• _BRIEF_
Pictures must be left out. Print the lines from the beginning of the material through the line holding "Book cover of", exactly and nothing else.

• _PROVIDED MATERIAL_
-------------------------

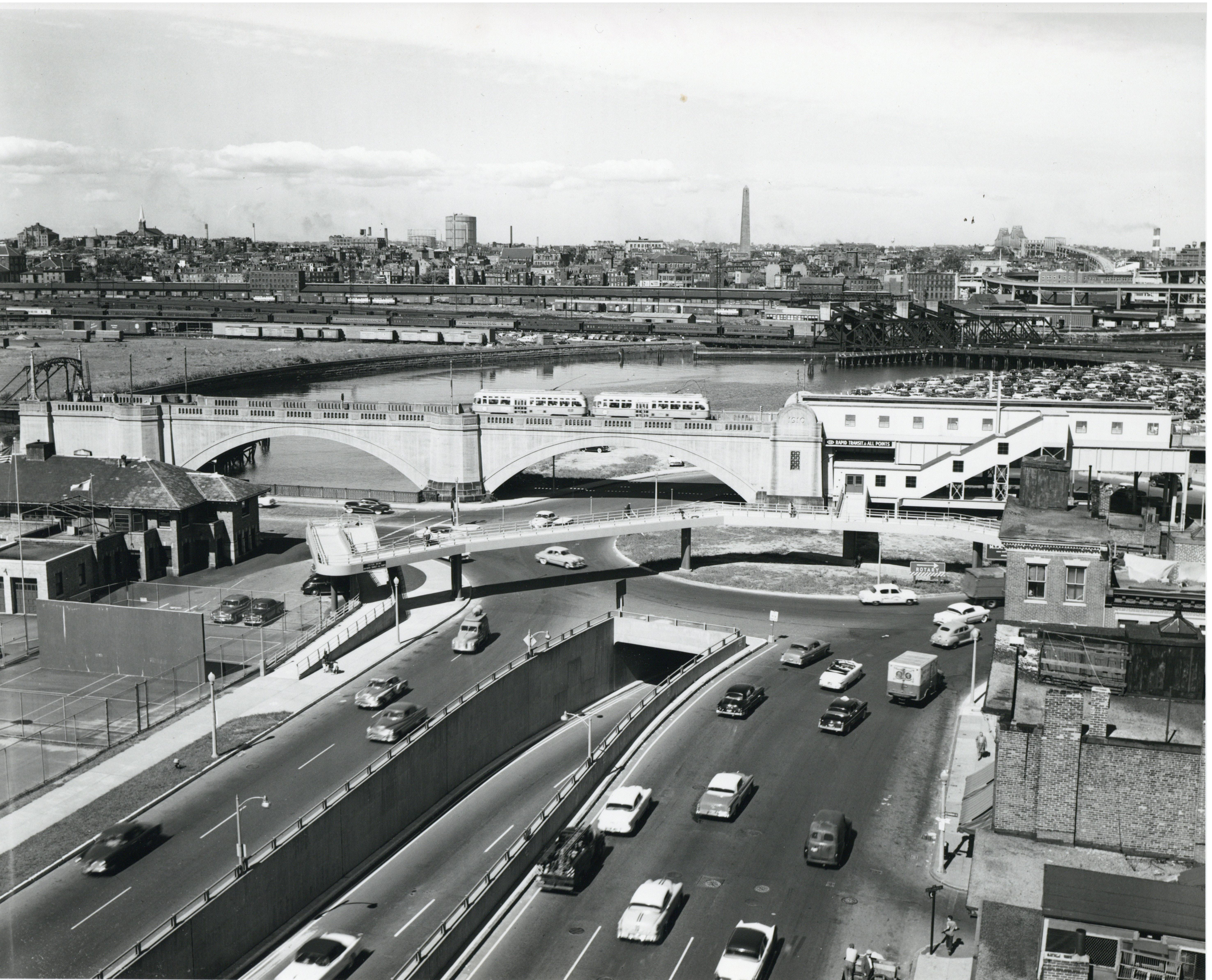 The newly opened Science Park station in August 1955
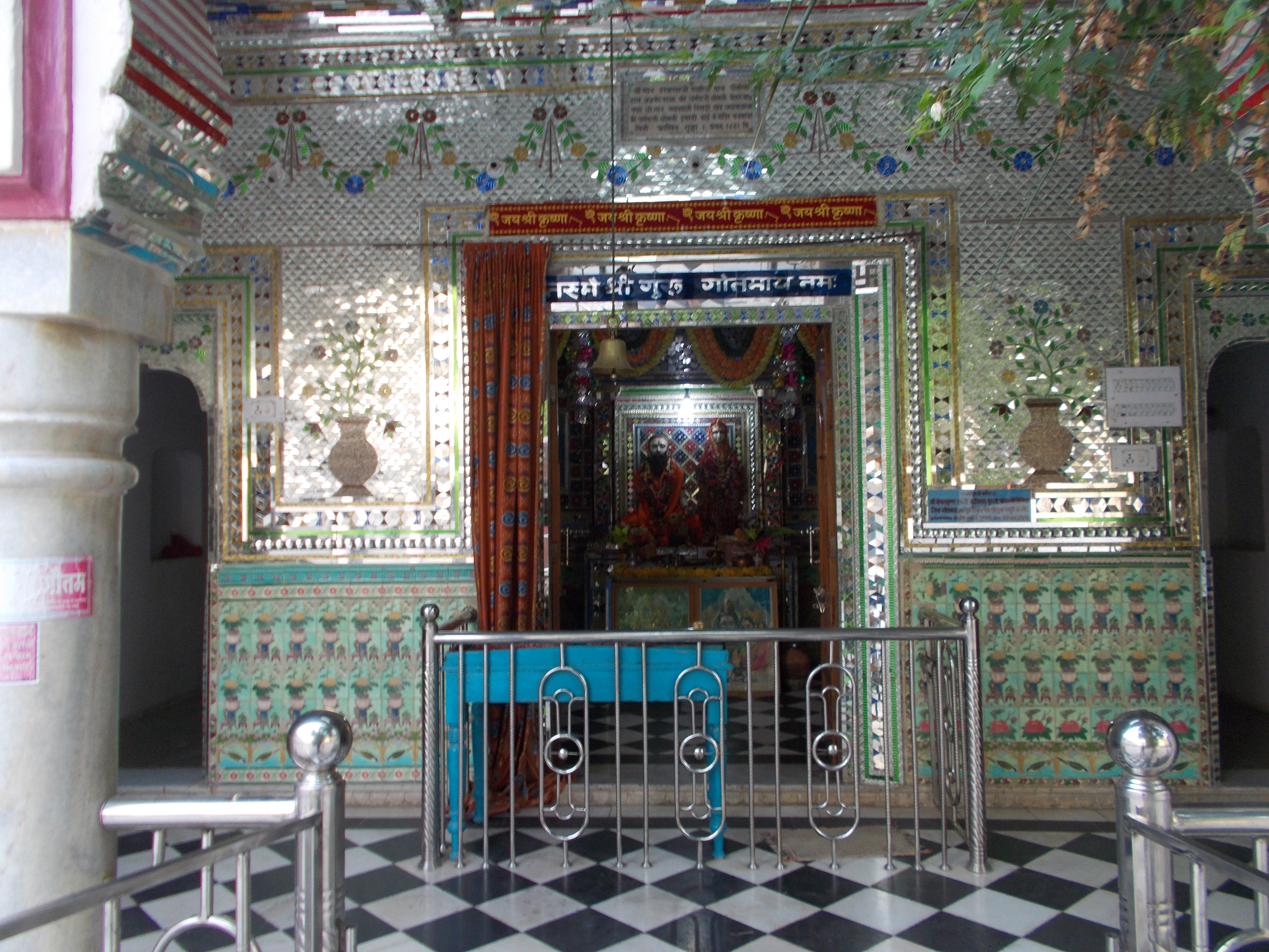 It is a ancient temple in Pushkar devoted to one of the Sapt Rishis Maharishi Gautam and his wife Mata Ahalya.
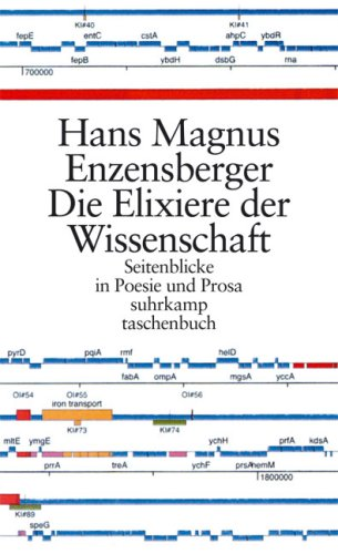 Book cover of Hans Magnus Enzensberger "Die Elixiere der Wissenschaft" 2002
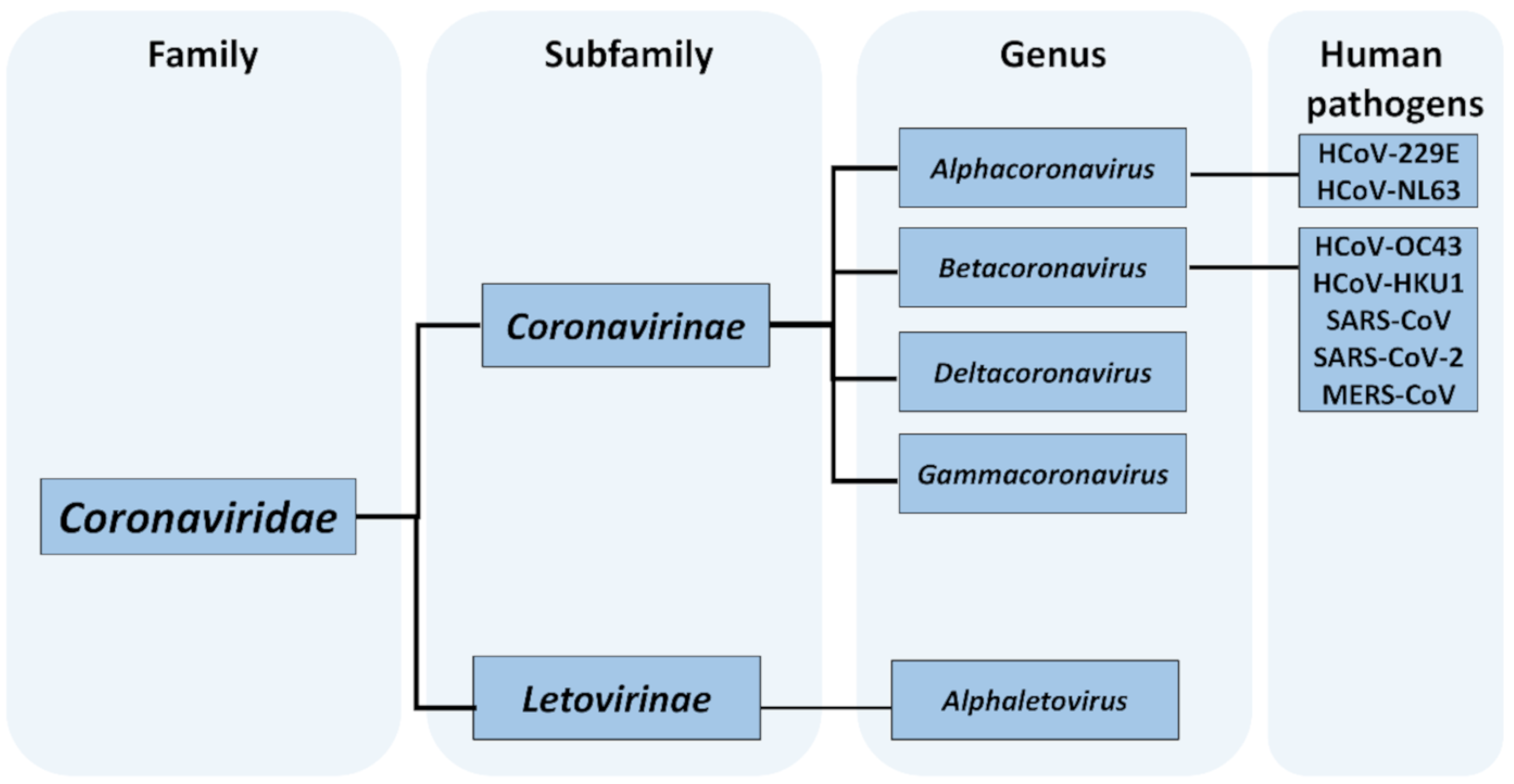 Taxonomy of Coronaviridae family with an indication of species known to be pathogenic to humans and cause respiratory diseases [33].

-------------------------

• _SOLUTION FOR THIS TASK_
 The newly opened Science Park station in August 1955
 It is a ancient temple in Pushkar devoted to one of the Sapt Rishis Maharishi Gautam and his wife Mata Ahalya.
 Book cover of Hans Magnus Enzensberger "Die Elixiere der Wissenschaft" 2002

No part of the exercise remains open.